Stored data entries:
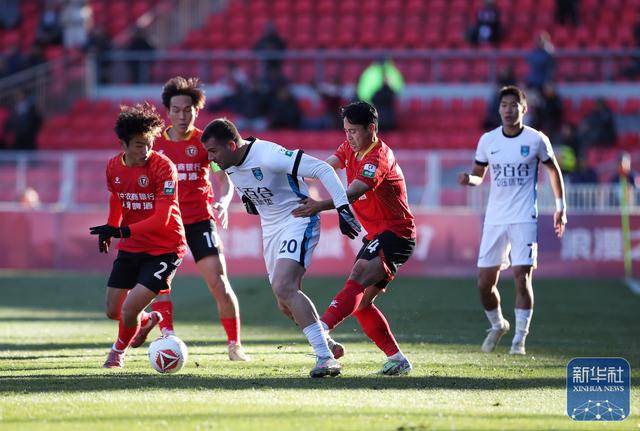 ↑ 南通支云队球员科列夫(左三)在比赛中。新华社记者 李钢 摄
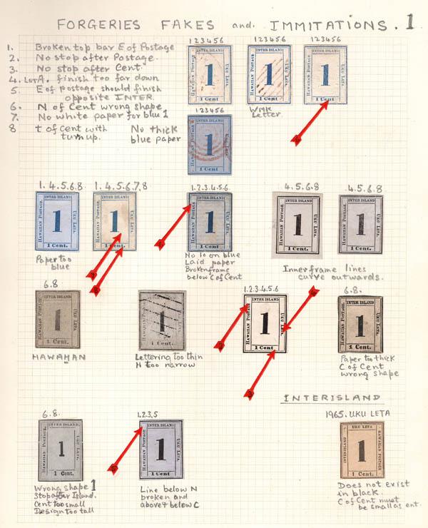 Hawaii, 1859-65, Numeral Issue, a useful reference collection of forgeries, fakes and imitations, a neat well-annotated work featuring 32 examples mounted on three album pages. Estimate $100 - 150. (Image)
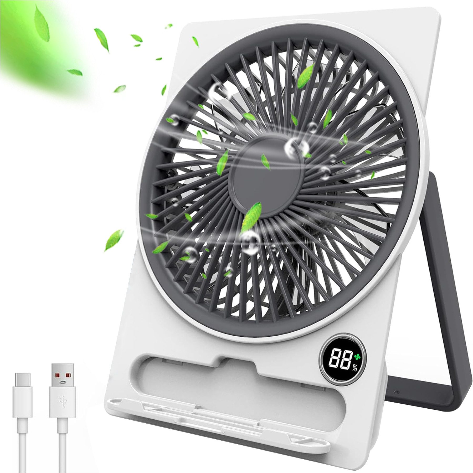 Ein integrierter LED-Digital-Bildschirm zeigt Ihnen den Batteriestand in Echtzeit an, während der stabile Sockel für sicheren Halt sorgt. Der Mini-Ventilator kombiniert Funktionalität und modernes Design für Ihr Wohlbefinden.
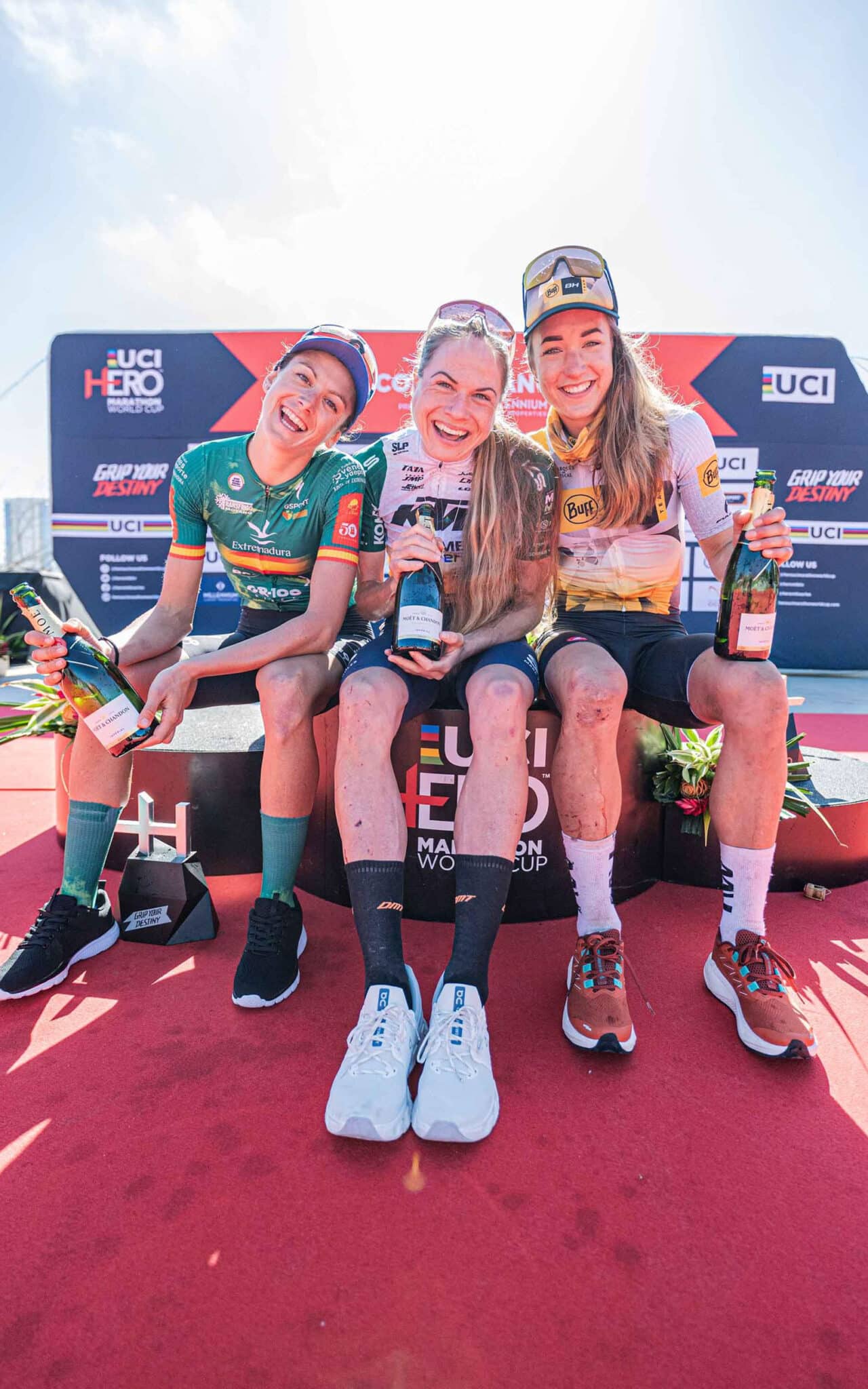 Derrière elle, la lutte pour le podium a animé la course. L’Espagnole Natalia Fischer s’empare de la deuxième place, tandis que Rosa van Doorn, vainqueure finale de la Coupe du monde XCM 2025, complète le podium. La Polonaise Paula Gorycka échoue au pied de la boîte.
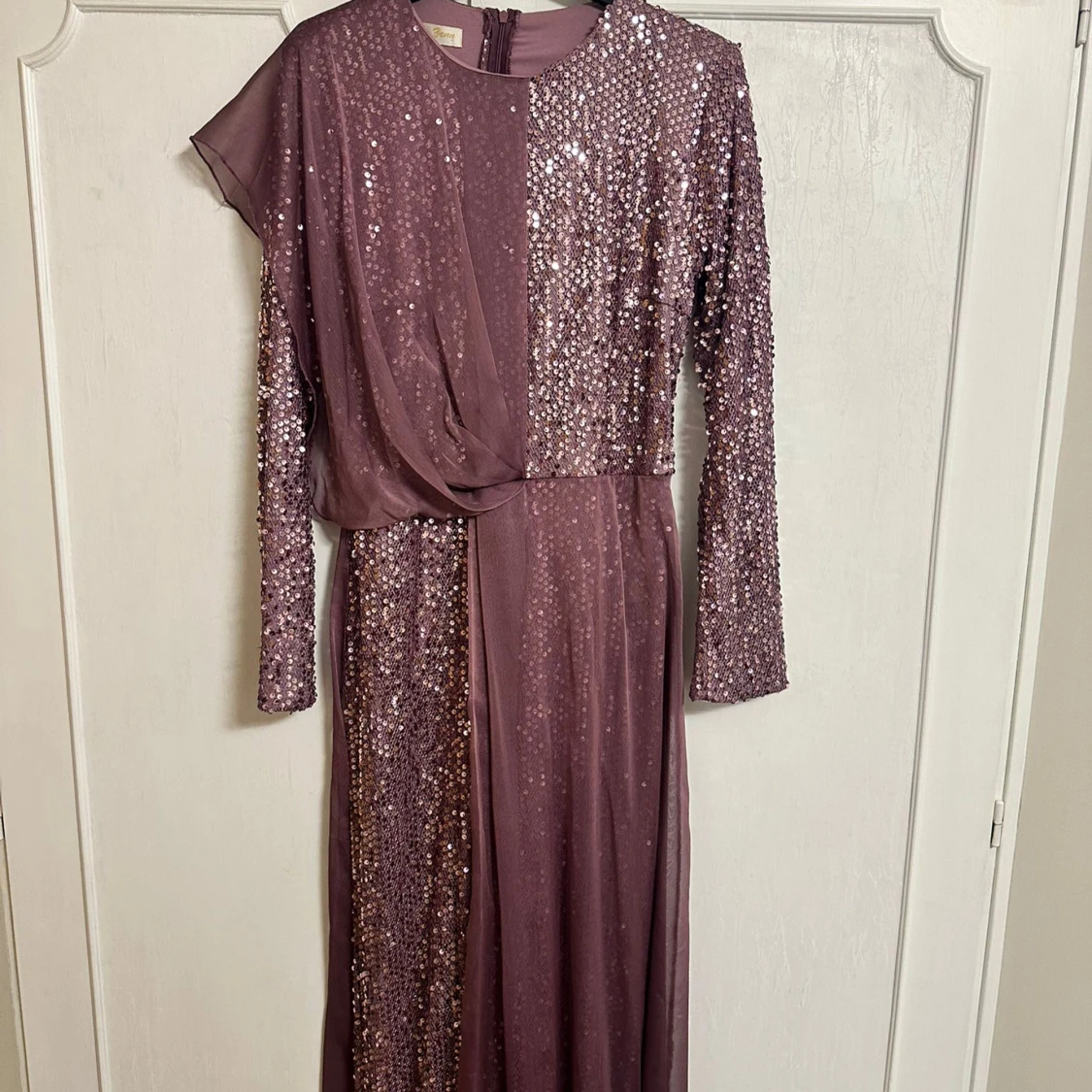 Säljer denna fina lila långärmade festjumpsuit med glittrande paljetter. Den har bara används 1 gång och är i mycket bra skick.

WHAT TO PRODUCE: Begin at the line containing "Ein integrierter LED-Digital-Bildschirm" and transcribe exactly every line through the end of the records, both ends included, leaving the pictures out.

SOLUTION FOR THIS PROBLEM:
 Ein integrierter LED-Digital-Bildschirm zeigt Ihnen den Batteriestand in Echtzeit an, während der stabile Sockel für sicheren Halt sorgt. Der Mini-Ventilator kombiniert Funktionalität und modernes Design für Ihr Wohlbefinden.
 Derrière elle, la lutte pour le podium a animé la course. L’Espagnole Natalia Fischer s’empare de la deuxième place, tandis que Rosa van Doorn, vainqueure finale de la Coupe du monde XCM 2025, complète le podium. La Polonaise Paula Gorycka échoue au pied de la boîte.
 Säljer denna fina lila långärmade festjumpsuit med glittrande paljetter. Den har bara används 1 gång och är i mycket bra skick.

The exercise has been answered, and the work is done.